El tren se detiene en la misma estación de todos los días. Viejas historias se bajan para que
suban otras nuevas… y vuelta a los 100 kilómetros por hora. Me fijo en las dos únicas personas
que conversan en el vagón, un señor que mira al infinito por la ventana y una mujer que sujeta
Un mar oscuro de Anne Perry. El resto lo que tiene en la mano es el teléfono móvil, esa
prolongación de nuestra existencia que, no sé si por suerte, en mi caso se ha quedado sin
batería.

Paramos en otra estación. Está muy oscura… salvo por el resplandor de las pantallas, que
desnudan el rostro de los aspirantes a pasajeros que esperan sentados al otro lado de las vías.
Sigo observando, reflexivo, pensando qué ha cambiado más en estos cerca de 30 años que
llevo cogiendo trenes: si esas magníficas máquinas o nosotros mismos.

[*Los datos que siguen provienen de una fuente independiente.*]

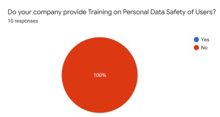 The results from the questionnaire show that many companies fail to provide training to their employees on the important issue of Personal Data Safety. This highlights a noteworthy deficiency in recognizing the importance of educating personnel on safeguarding personal data.
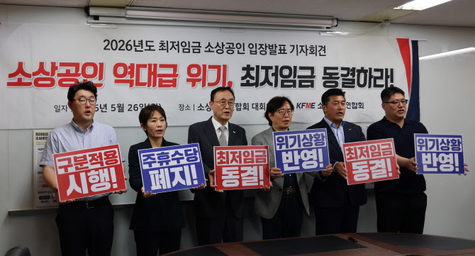 소상공인연합회는 26일 서울 여의도 소상공인연합회 대회의실에서 ‘2026년도 최저임금 소상공인 입장 발표 기자회견’을 개최하고 최저임금 동결을 주장하고 나섰다. 오는 27일 제2차 최저임금 전원회의에서 본격적인 최저임금 심의가 진행될 예정이다.
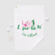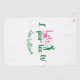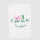 The lady golfer in your life will love keeping her golf equipment clean with this golf towel. It has the phrase 'Let's Par Tee' in green and pink script typography. The 'o' in the word golf is a teed up golf ball. There's also pink hearts, a pink golf ball and a green image of a female golfer swinging a golf club. In green script typography are initials along with a name on the bottom all of which can be edited. Add your first initial on the left, your last initial on the right and your own name on the bottom. All of the colors in this design are editable.
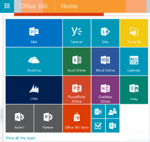 To begin customizing your apps, just click on the apps launcher on the Office 365 Taskbar at the top of your browser window. The app launcher can also be opened from any Office 365 program because the Office 365 Taskbar remains open on every page.
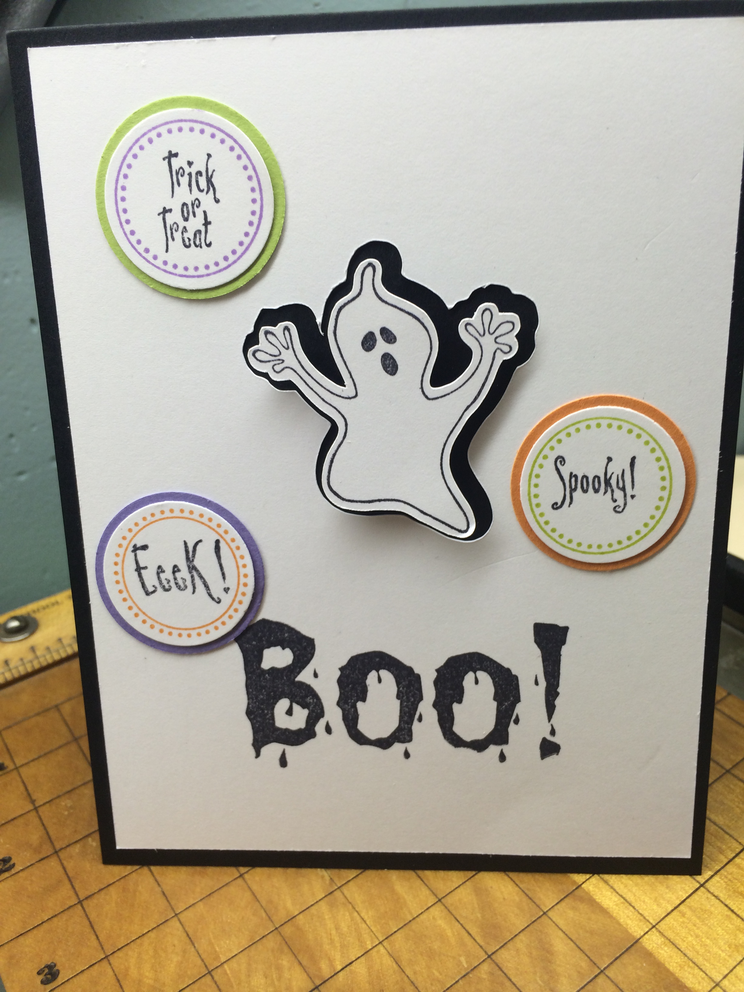 Stamps Used: EE50 KB’s Ghost, DD60 Circles & Dots, DD65 Halloween Fun cube, F176 Boo!

Llego a mi destino. Me bajo. Varios chispazos saltan con violencia de la parte superior del
vagón. La sensación es extraña. Compruebo mi mochila. Lo tengo todo, pero siento que me
falta algo: los viajes en tren que pasé obviando lo que me rodeaba, que el viaje vale más que el
destino. Gracias por estos inolvidables 44 minutos, querido móvil apagado.